Not sure if it's normally meant to report more?

My dmesg at the point of loading the nvidia modules looks like:

[   15.444207] nvidia: loading out-of-tree module taints kernel.
[   15.445293] nvidia: module license 'NVIDIA' taints kernel.
[   15.446298] Disabling lock debugging due to kernel taint
[   15.458265] nvidia-nvlink: Nvlink Core is being initialized, major device number 244
[   15.459617] nvidia 0000:01:00.0: vgaarb: changed VGA decodes: oldecodes=io+m
em,decodes=none:owns=io+mem
[   15.460741] NVRM: loading NVIDIA UNIX x86_64 Kernel Module  396.54  Tue Aug 14 19:02:34 PDT 2018 (using threaded interrupts)
[   15.483862] nvidia-uvm: Loaded the UVM driver in 8 mode, major device number 243
[   15.491466] nvidia-modeset: Loading NVIDIA Kernel Mode Setting Driver for UNIX platforms  396.54  Tue Aug 14 23:08:44 PDT 2018
[   15.494982] [drm] [nvidia-drm] [GPU ID 0x00000100] Loading driver
[   15.494984] [drm] Initialized nvidia-drm 0.0.0 20160202 for 0000:01:00.0 on minor 0

Comment 8 Xepher 2018-09-08 04:01:10 UTC

I just spent about 6 hours tracking this down, manually bisecting kernel configs between working and non. It appears that, at the very least, it does now require CONFIG_NUMA and CONFIG_CPUSETS to get CUDA working with >396.24

CONFIG_ACPI_NUMA is NOT required for my (intel) system, neither is the AMD_NUMA option. It is possible that other CGROUP options are required as well, but those weren't in my initial bisection.


/dev/shm/cuda_injection_path_shm is a red herring. It "always" fails, even on working systems, as does the /tmp/nvidia-mps/control socket open.


Currently working, kernel 4.18.6 with 396.54 driver.
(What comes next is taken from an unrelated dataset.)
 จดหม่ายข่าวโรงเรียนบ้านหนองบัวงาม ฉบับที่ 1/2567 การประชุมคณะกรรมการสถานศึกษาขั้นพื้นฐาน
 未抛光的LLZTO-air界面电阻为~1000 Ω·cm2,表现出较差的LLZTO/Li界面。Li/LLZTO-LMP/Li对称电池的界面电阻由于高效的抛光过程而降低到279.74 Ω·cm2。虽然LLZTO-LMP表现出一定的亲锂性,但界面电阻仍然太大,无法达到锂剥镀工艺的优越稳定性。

Using ffmpeg to do NVENC and CUVID.

Comment 9 Thomas Albers 2018-09-11 14:35:11 UTC

Responding to comment # 1:
> there is no useflag for CUDA

In a way there is, for CUDA to work the driver must be built with UVM useflag.
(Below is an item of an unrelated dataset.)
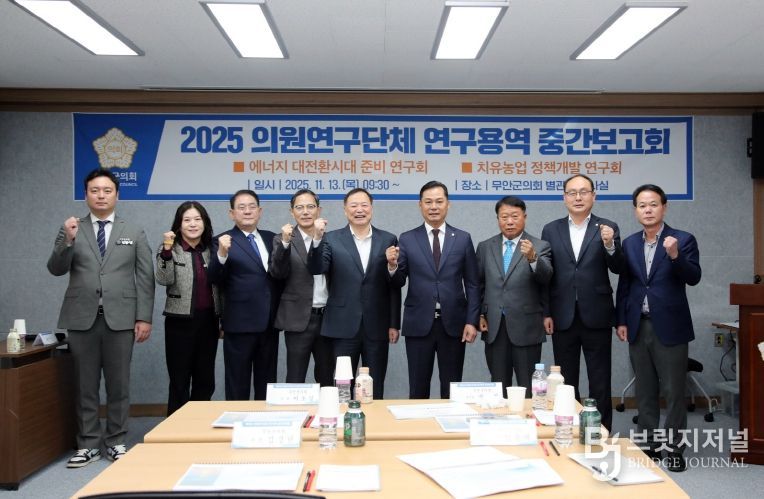 브릿지저널 김경미 기자 | 무안군의회는 11월 13일 군의회 세미나실에서 ‘에너지 기본소득’과 ‘치유농업 활성화’ 연구 등 2개 의원연구단체의 연구용역 중간보고회를 개최했다.

Comment 10 Adam Jones 2018-09-12 21:19:09 UTC

As per https://devtalk.nvidia.com/default/topic/1037521/linux/cuda-broken-in-396-24-02-and-396-24-10-vulkan-beta-drivers-on-linux/3 and Xepher's suggestion above, enabling CONFIG_CPUSETS seems to have fixed things for me.

Comment 11 Ionen Wolkens gentoo-dev

2021-03-06 08:01:23 UTC

I think(?) this is obsolete, without NUMA nor CPUSETS, NVENC seems to work fine and nvidia mentioned this dependency was not intentional.

I imagine they changed this on their end.